What you will do
Without the pictures, print the lines running from the beginning of the material to the line containing "KWESTIONARIUSZ NA POTRZEBY", both ends included.

═════ Data

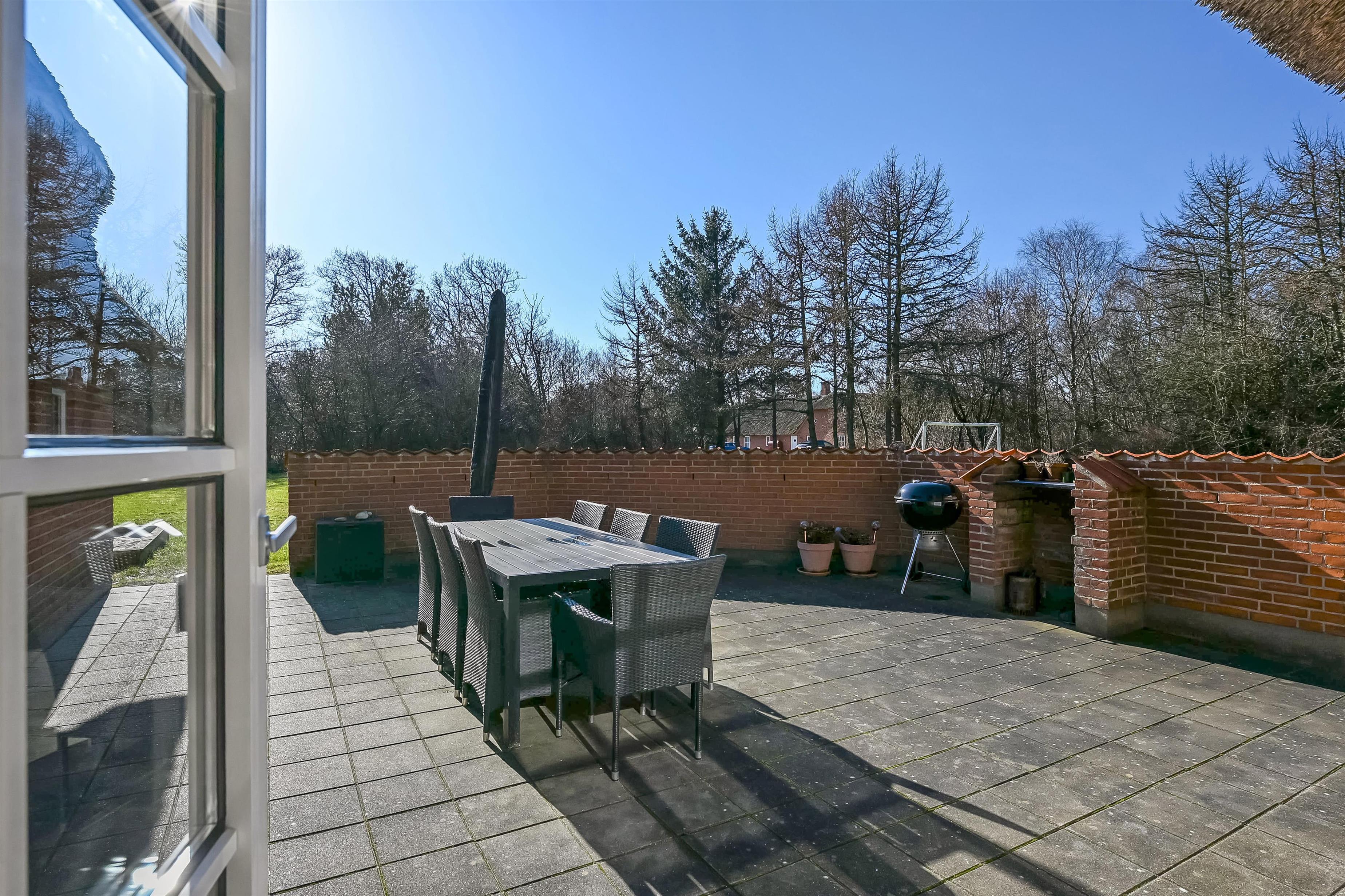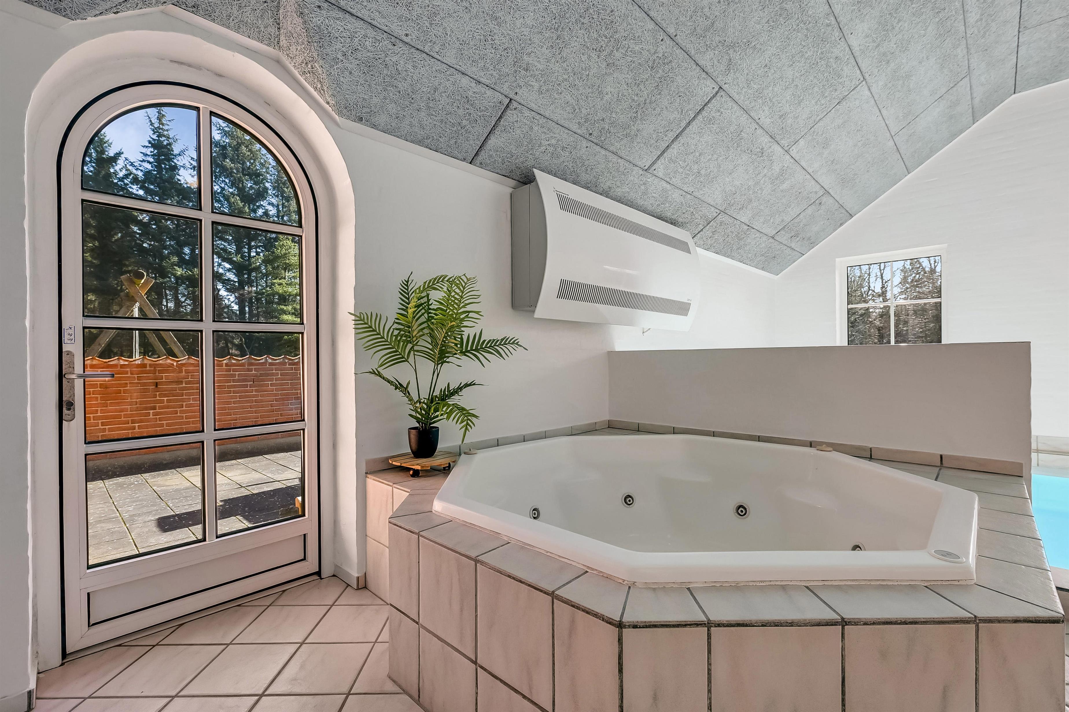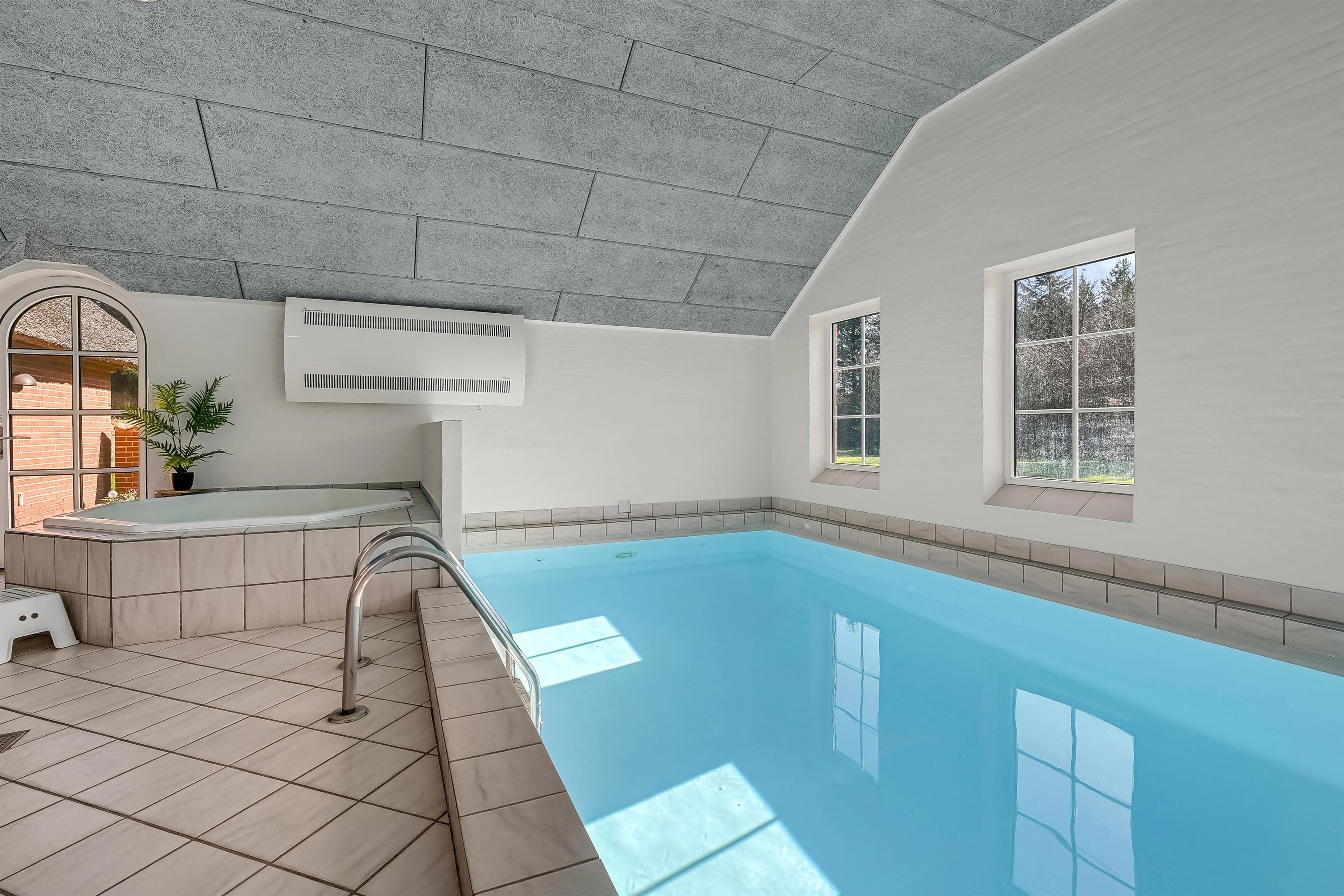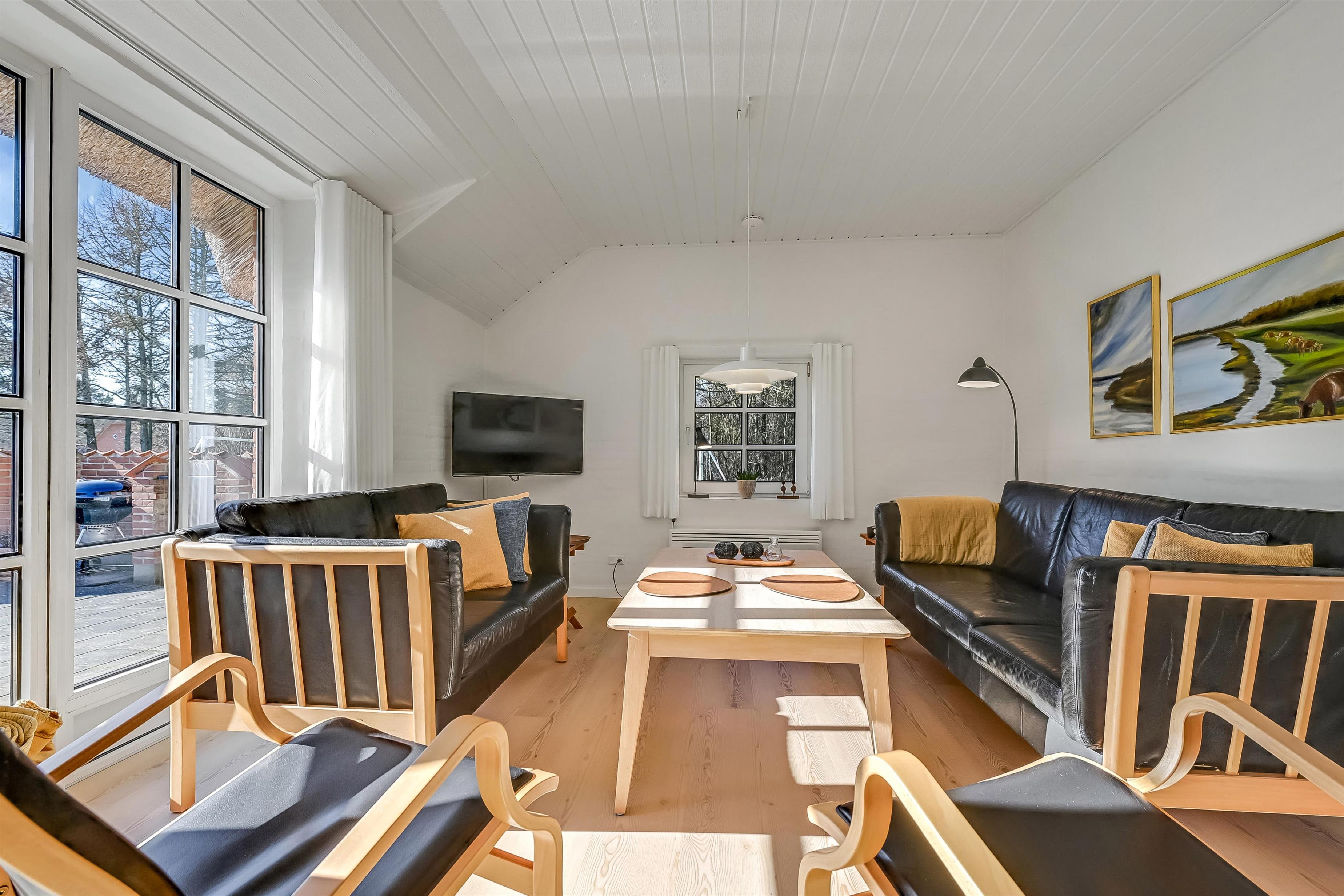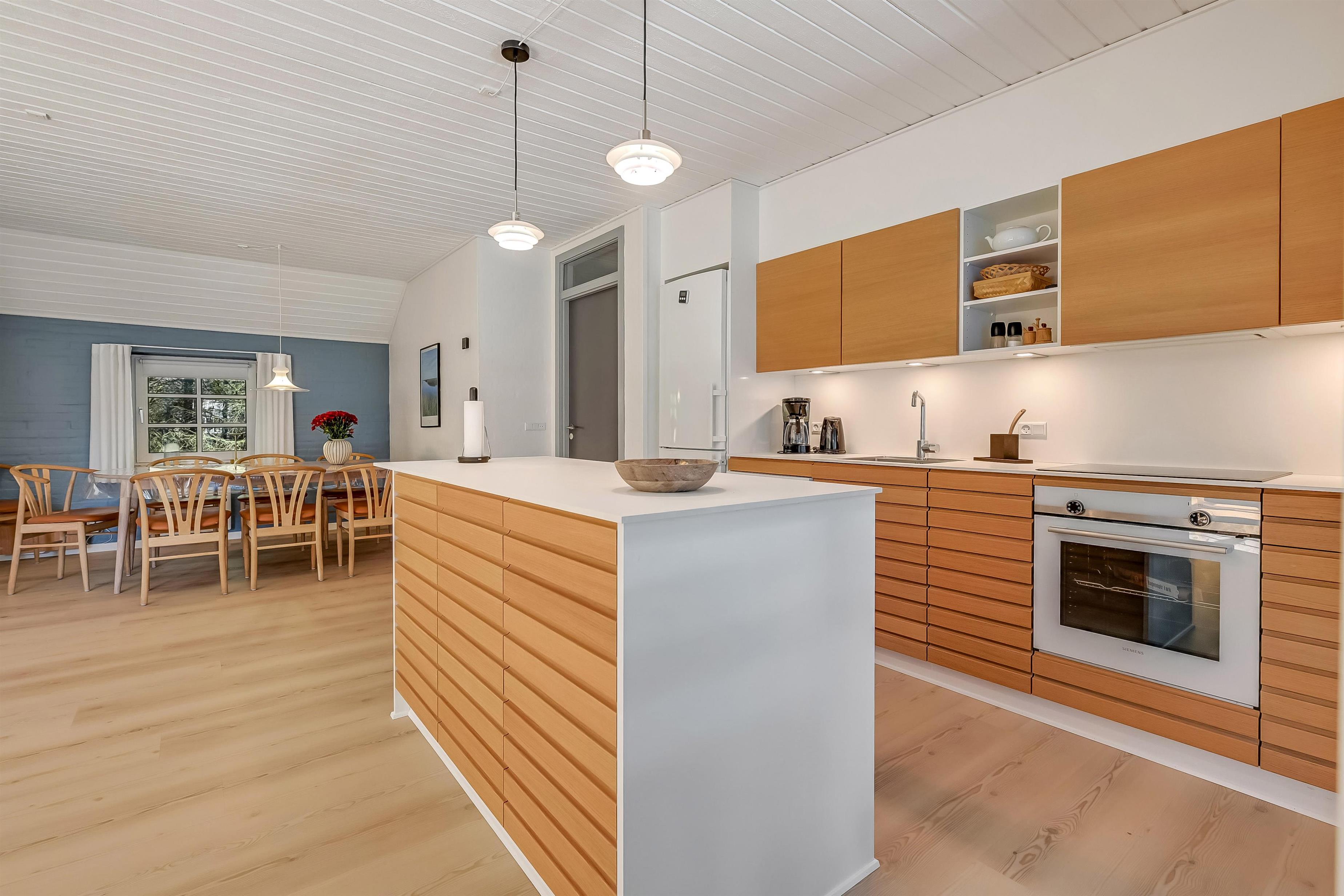 Aufteilung: Eingangsflur mit Waschmaschine und Wäschetrockner. An die neue, gut ausgestattete Küche schließt sich das Wohnzimmer mit hochwertigen Möbeln und einem schönen Kaminofen an. Insgesamt 4 Schlafzimmer, drei mit Doppelbett und eines mit zwei Einzelbetten. Die Wellnessabteilung hält Swimmingpool, Whirlpool und Sauna für euch bereit. Es gibt zwei moderne Bäder mit Fußbodenheizung und einer begehbaren Dusche. Dänisches TV DR und Satellitenschüssel für den Empfang deutscher TV-Sender.
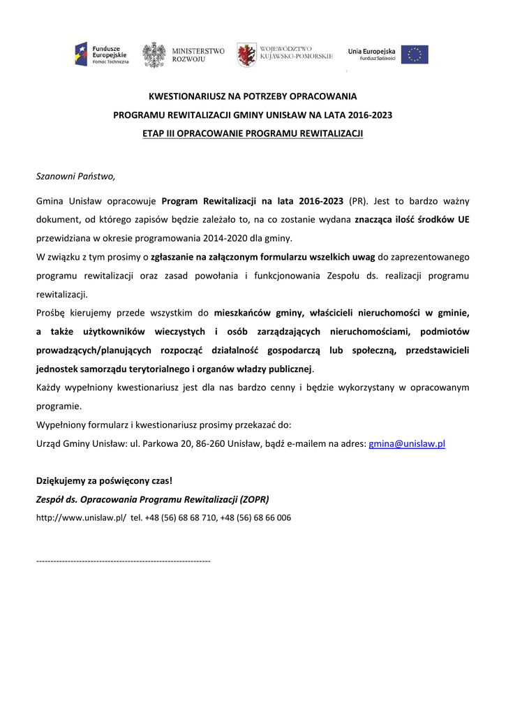 KWESTIONARIUSZ NA POTRZEBY OPRACOWANIA PROGRAMU REWITALIZACJI GMINY UNISŁAW NA LATA 2016-2023 ETAP III OPRACOWANIE PROGRAMU REWITALIZACJI Szanowni Państwo, Gmina Unisław opracowuje Program Rewitalizacji na lata 2016-2023 (PR). Jest to bardzo ważny dokument, od którego zapisów będzie zależało to, na co zostanie wydana znacząca ilość środków UE przewidziana w okresie programowania 2014-2020 dla gminy. W związku z tym prosimy o zgłaszanie na załączonym formularzu wszelkich uwag do zaprezentowanego programu rewitalizacji oraz zasad powołania i funkcjonowania Zespołu ds. realizacji programu rewitalizacji. Prośbę kierujemy przede wszystkim do mieszkańców gminy, właścicieli nieruchomości w gminie, a także użytkowników wieczystych i osób zarządzających nieruchomościami, podmiotów prowadzących/planujących rozpocząć działalność gospodarczą lub społeczną, przedstawicieli jednostek samorządu terytorialnego i organów władzy publicznej. Każdy wypełniony kwestionariusz jest dla nas bardzo cenny i będzie wykorzystany w opracowanym programie. Wypełniony formularz i kwestionariusz prosimy przekazać do: Urząd Gminy Unisław: ul. Parkowa 20, 86-260 Unisław, bądź e-mailem na adres: [email protected] Dziękujemy za poświęcony czas! Zespół ds. Opracowania Programu Rewitalizacji (ZOPR) http://www.unislaw.pl/ tel. +48 (56) 68 68 710, +48 (56) 68 66 006 -------------------------------------------------------------
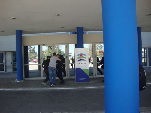 Επιλέξαμε να λούσουμε με κόκκινη μπογιά συγκεκριμένα σημεία στο χώρο, θέλωντας να καταδείξουμε την ευθύνη τόσο της κυβέρνησης όσο και της frontex για τους εκατοντάδες πνιγμούς προσφύγων και μεταναστών στη θάλασσα του αιγαίου. Οπως φαίνεται σε φωτογραφία από την παρέμβαση, ένστολος του λιμενικού σώματος έσπευσε να χειροδικήσει εναντίον συντόφου κατά τη διάρκεια της παρέμβασης, αλλά του κόπηκε γρήγορα η όρεξη.
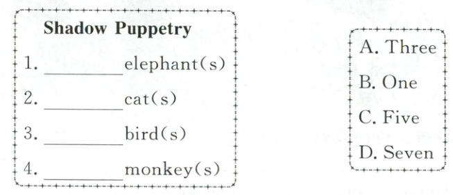 )Shadow Puppetry—______A. Animals
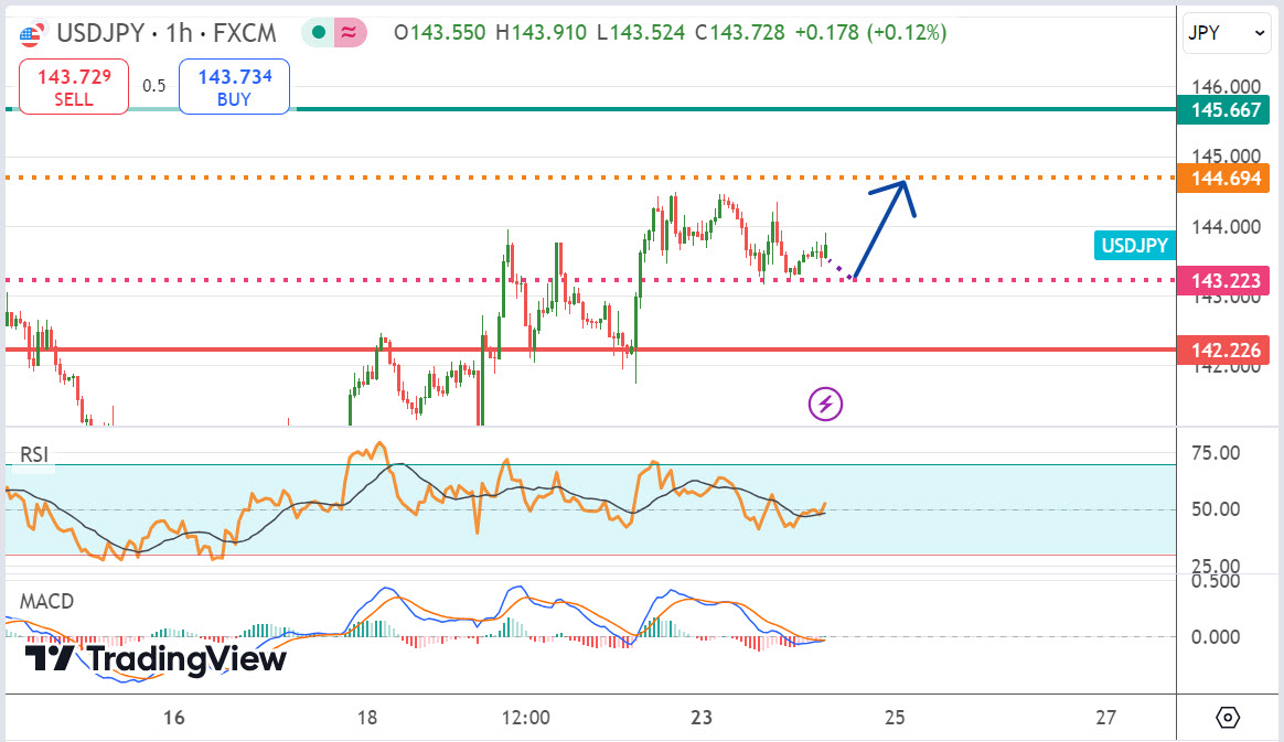 จุดทำกำไร USDJPY : 143.60 , 143.80 , 144.00
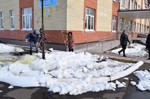 Сегодня в нашей школе прошёл субботник, работники школы раскидывали снег вокруг здания.
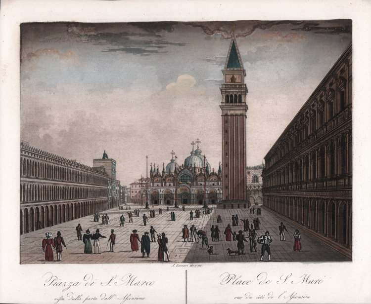 Magnifica veduta tratta dal raro La R. Basilica di S. Marco esposta in sei tavole. Disegnate ed eseguite all’Acquatinta da Antonio Lazzari. Copiosamente descritta nelle due lingue Italiana e Francese da Giuseppe Piazza dedicata a sua Eminenza Jacopo Monico, Cardinale di S. Chiesa, album stampato a Venezia nel 1835 e composto di sei magnifiche acquetinte di Antonio Lazzari.
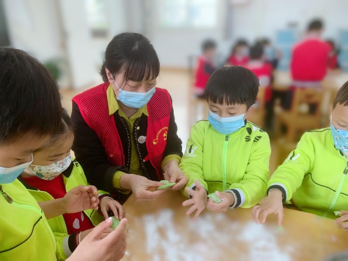 在党员教师是的带领下,孩子们通过故事、动画视频了解清明节的来历和习俗。在老师的讲解中,感受到了这个节日特别的意义。党员教师和大班的小朋友一起动起手来和面、捏团、裹馅,一步一步,大家做的可认真了。不仅品味了传统美食的特色,还体验了清明节的传统习俗。

══════════

Response to this exercise
 Aufteilung: Eingangsflur mit Waschmaschine und Wäschetrockner. An die neue, gut ausgestattete Küche schließt sich das Wohnzimmer mit hochwertigen Möbeln und einem schönen Kaminofen an. Insgesamt 4 Schlafzimmer, drei mit Doppelbett und eines mit zwei Einzelbetten. Die Wellnessabteilung hält Swimmingpool, Whirlpool und Sauna für euch bereit. Es gibt zwei moderne Bäder mit Fußbodenheizung und einer begehbaren Dusche. Dänisches TV DR und Satellitenschüssel für den Empfang deutscher TV-Sender.
 KWESTIONARIUSZ NA POTRZEBY OPRACOWANIA PROGRAMU REWITALIZACJI GMINY UNISŁAW NA LATA 2016-2023 ETAP III OPRACOWANIE PROGRAMU REWITALIZACJI Szanowni Państwo, Gmina Unisław opracowuje Program Rewitalizacji na lata 2016-2023 (PR). Jest to bardzo ważny dokument, od którego zapisów będzie zależało to, na co zostanie wydana znacząca ilość środków UE przewidziana w okresie programowania 2014-2020 dla gminy. W związku z tym prosimy o zgłaszanie na załączonym formularzu wszelkich uwag do zaprezentowanego programu rewitalizacji oraz zasad powołania i funkcjonowania Zespołu ds. realizacji programu rewitalizacji. Prośbę kierujemy przede wszystkim do mieszkańców gminy, właścicieli nieruchomości w gminie, a także użytkowników wieczystych i osób zarządzających nieruchomościami, podmiotów prowadzących/planujących rozpocząć działalność gospodarczą lub społeczną, przedstawicieli jednostek samorządu terytorialnego i organów władzy publicznej. Każdy wypełniony kwestionariusz jest dla nas bardzo cenny i będzie wykorzystany w opracowanym programie. Wypełniony formularz i kwestionariusz prosimy przekazać do: Urząd Gminy Unisław: ul. Parkowa 20, 86-260 Unisław, bądź e-mailem na adres: [email protected] Dziękujemy za poświęcony czas! Zespół ds. Opracowania Programu Rewitalizacji (ZOPR) http://www.unislaw.pl/ tel. +48 (56) 68 68 710, +48 (56) 68 66 006 -------------------------------------------------------------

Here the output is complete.